Podcast: Play in new window | Download (Duration: 1:12:21 — 99.4MB)
On the evening of July 7, 2016, Black Lives Matter protesters marched in downtown Dallas and other cities nationwide.
They peacefully gathered in response to the police shootings of two black men, Philando Castile and Alton Sterling.
A few blocks from the site of the assassination of President John F. Kennedy, an African American man who had left the U.S. Army following disgraceful conduct got out of his SUV, ready for combat.
The mass murderer arrived with a calculated plan to kill police officers, preferably white officers.
Wearing tactical gear, a bullet-resistant vest, and armed with a high-powered assault rifle, he, in effect, executed five officers and wounded eleven others.

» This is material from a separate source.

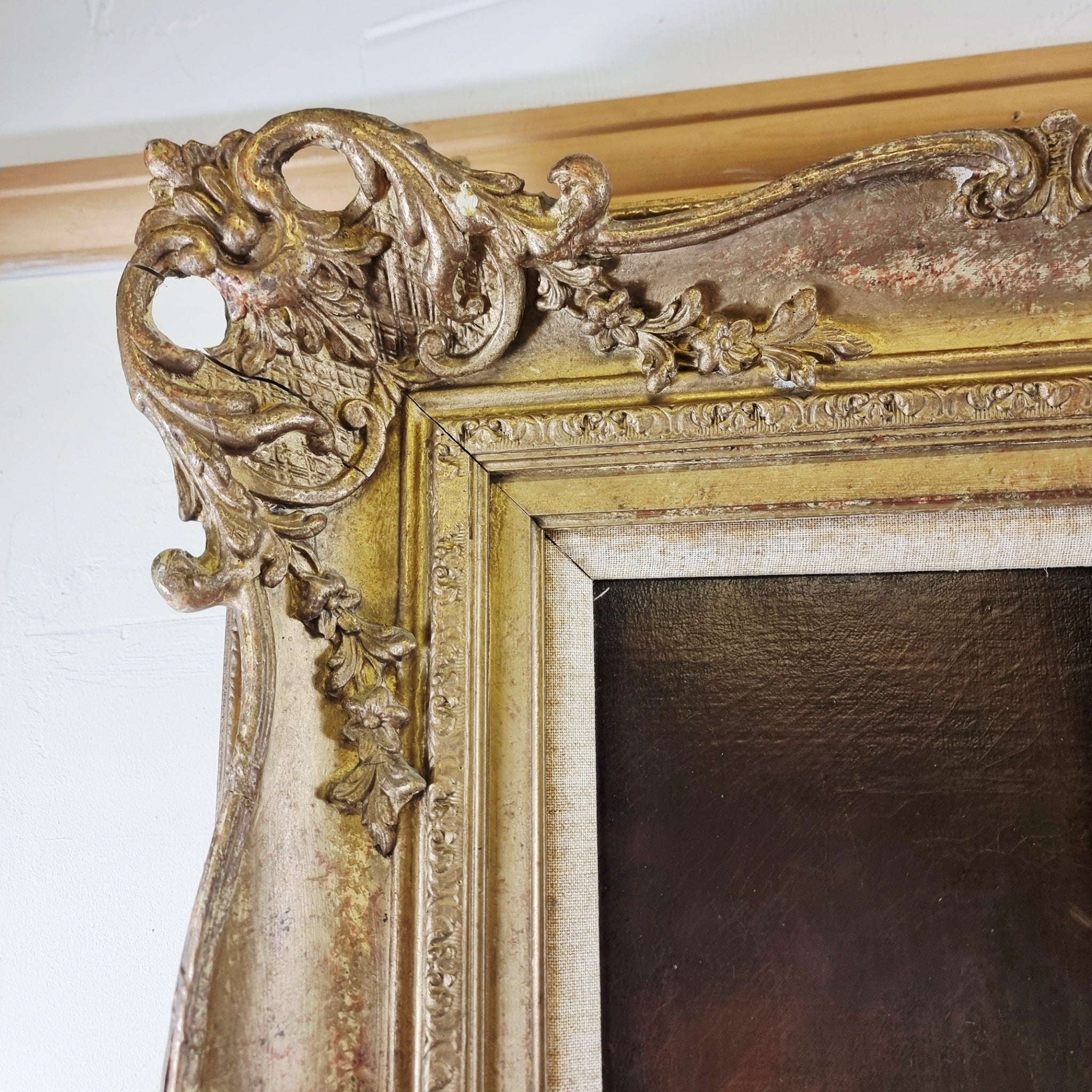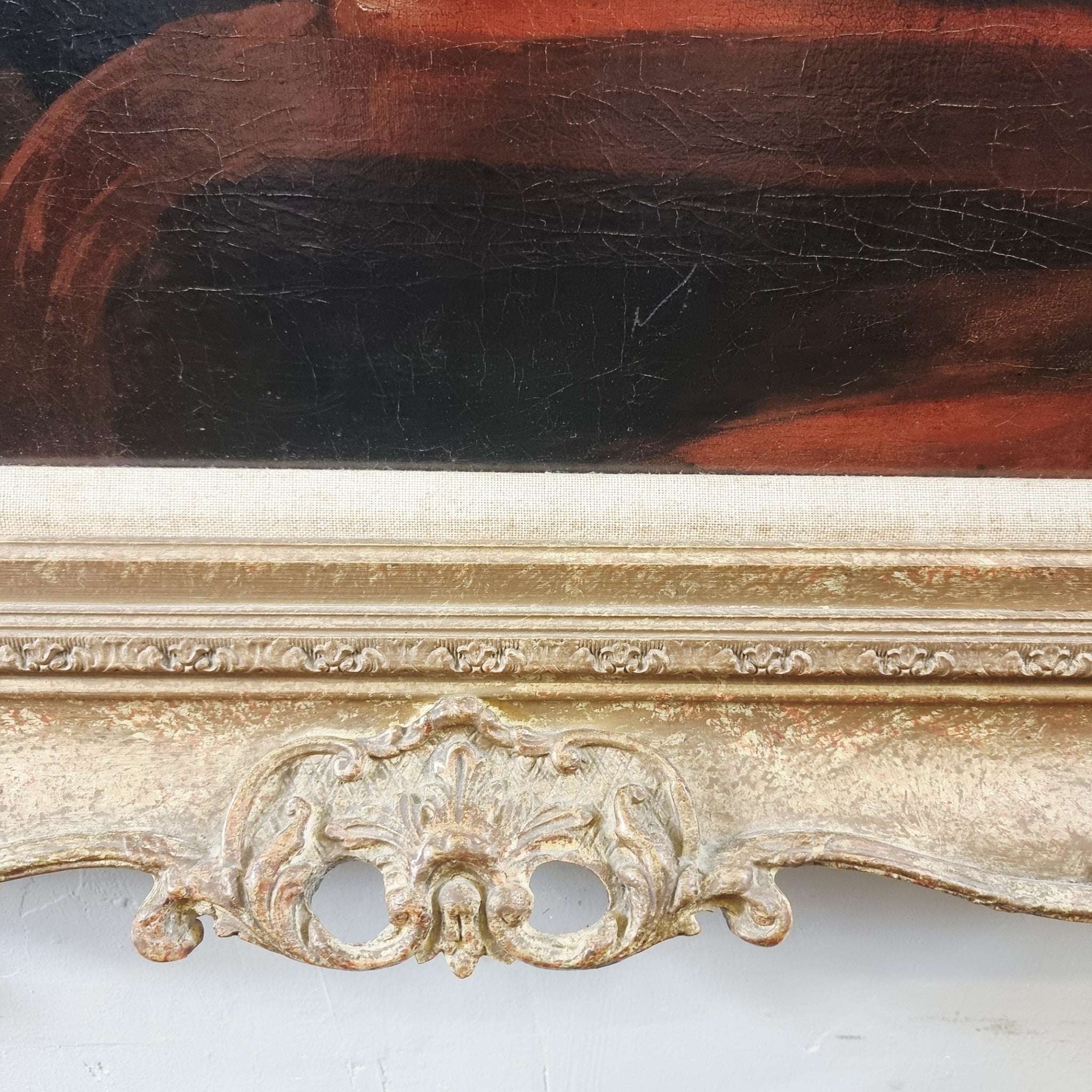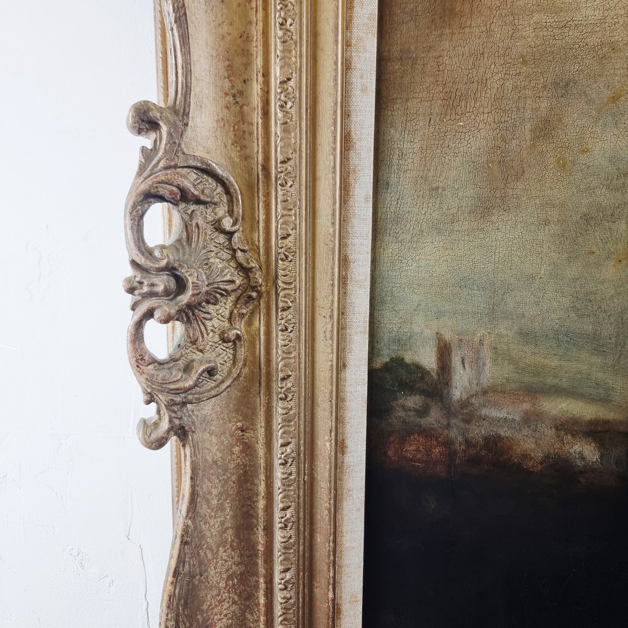 Antique Portrait of a Gentleman in 19th Century Attire Large Oil on Canvas. This is a wonderful painting of a unknown gentleman holding a drink, sitting in a chair with a castle or estate to the background. The painting has been relined and reframed. The frame is showing signs of damage and there is a mark to the painting. The portrait is unsigned. All damages are shown in the photographs as well as how nice this painting looks.

A cell phone video by a witness in a nearby building recorded Johnson shooting an officer for the city’s transit system, DART, in the back and then standing over the officer to pump eleven more rounds into him at point-blank range.
The ambush marked the deadliest and bloodiest day for American law enforcement since 9/11.
In a fierce gun battle, officers cornered the shooter inside the downtown campus building of the El Centro Community College.
Larry Gordon, a crisis hostage negotiator for the DALLAS SWAT team, spent four hours talking with the gunman who pledged to take his life and the lives of more officers.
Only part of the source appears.